Arik Hesseldahl

Recent Posts by Arik Hesseldahl

Salesforce May Go Shopping in Response to Oracle Deal

Marc_Benioff2009It isn’t too much of a leap to suspect that other companies besides Oracle gave some thought to acquiring Eloqua.

The marketing software concern for which the software giant will pay $871 million might have also made a logical fit at Salesforce.com, though Salesforce might have had to take on some debt to pay that price.

Anyway, there’s speculation that today’s deal for Eloqua may amount to a starting gun for a new round of acquisitions in the cloud software space. In a note to clients today, Karl Keirstead, an analyst with BMO Capital Markets, argues that Salesforce may answer Oracle with some acquisitions of its own.

“In our view, the deal is a modest net negative for Salesforce.com, making it incrementally tougher for them to pick off Oracle’s Siebel client base,” Keirstead wrote this morning. He also believes that about 50 percent or more of Eloqua’s customers are also Salesforce.com customers.

That might spur Salesforce into action on the acquisition front, he says. Having already made significant acquisitions of Radian6 and Buddy Media in the last two years, Salesforce might move on two privately held cloud-based companies in the marketing field.

One is Marketo, a fast-moving company that specializes in revenue performance management. It raised $50 million in a Series F round led by Battery Ventures last year, bringing its total capital raised to $108 million. Its other investors include Institutional Venture Partners, InterWest Partners, Mayfield Fund and Storm Ventures.

Another possible target for Salesforce, Keirstead argues, is HubSpot, a social media marketing outfit based in Cambridge, Mass. It raised $35 million in a fifth round of funding last month. The round brought its total capital raised to about $101 million, and Salesforce had invested in earlier rounds. Its other investors include Google Ventures, Sequoia Capital, General Catalyst Partners, Matrix Partners, Altimeter Capital and Cross Creek Capital.
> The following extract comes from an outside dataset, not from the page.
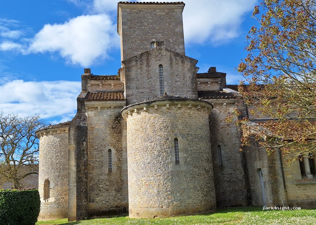 Gere gäbe ich 6 Sterne. Wir hatten eine ruhige Nacht hinter einer der ältesten Kirchen Frankreichs, ein karolingischer Bau mit Oratorium aus dem 9. Jh. Nicht oft haben wir uns so aufgehoben und willkommen gefühlt wie hier. Ein großes Kompliment an die kleine Gemeinde, die 400 m weiter noch einen schattigen Stellplatz mit kompletter Ver- und Entsorgung anbietet.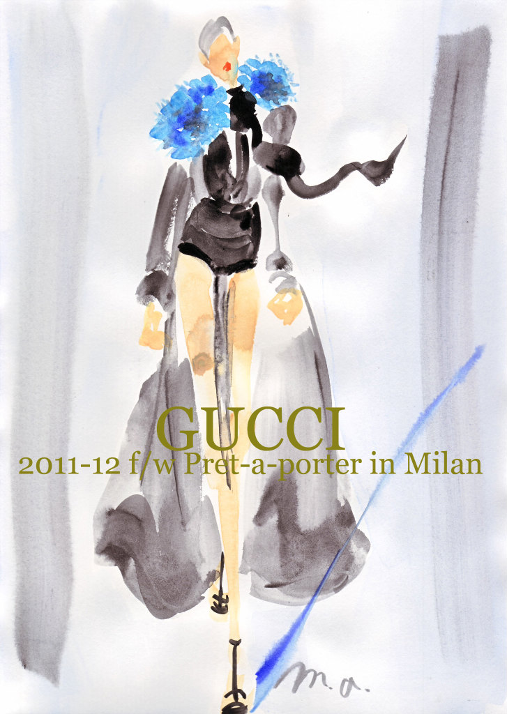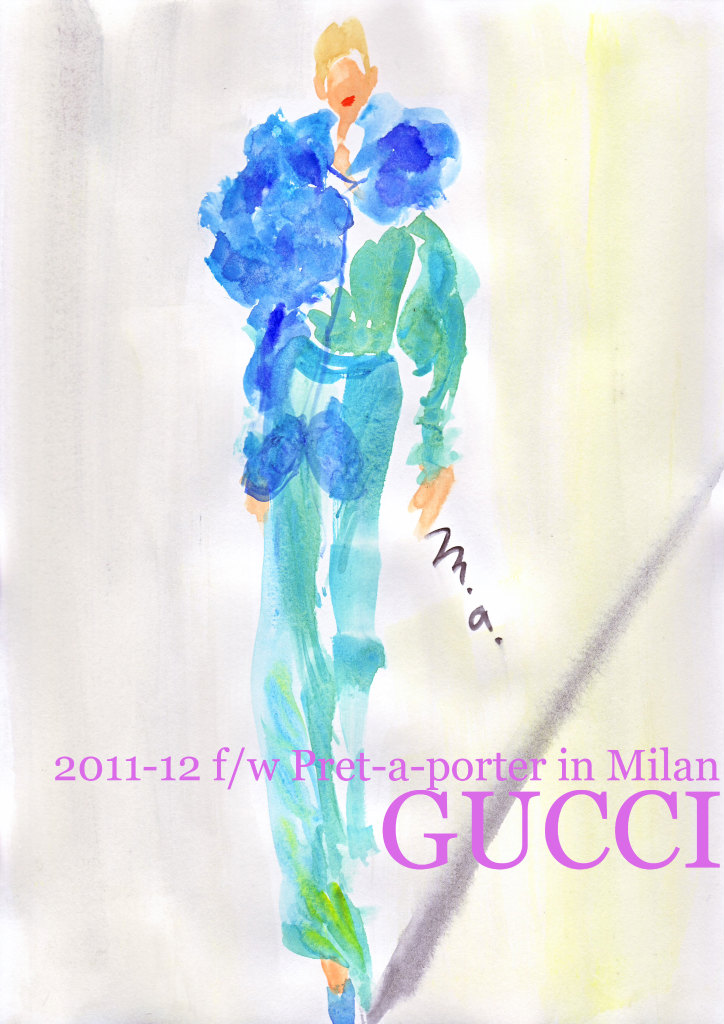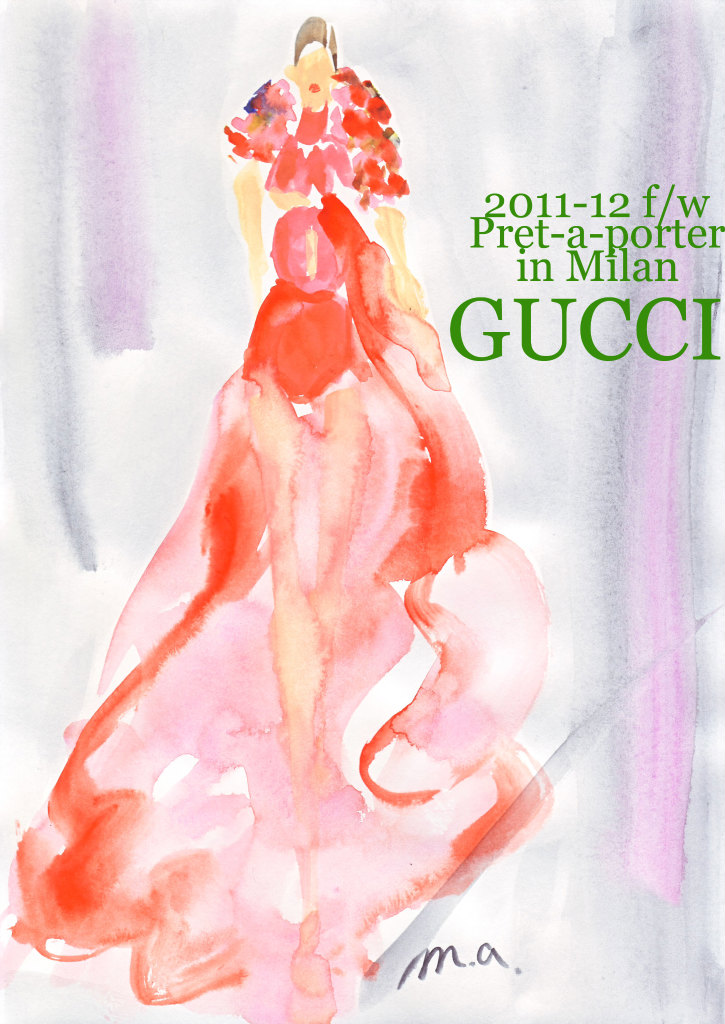 いよいよミラノのファッションウイークもスタート。さすがはグッチ、ヴィヴィッドな色も上品で洗練された雰囲気が素敵。花のモチーフとシフォン素材の組み合わせが美しい。春夏のプラダの影響?のカラーファーもグッチらしい色使いで印象に残った。

The point, Keirstead says, is that Salesforce will seek to build its own “marketing cloud” offering. Of course, Salesforce doesn’t have the financial flexibility that Oracle does. It has only $1.4 billion in combined cash and short- and long-term investments as of the close of its most recent quarter. That’s almost pocket change compared to Oracle’s $34 billion as of the quarter reported earlier this week.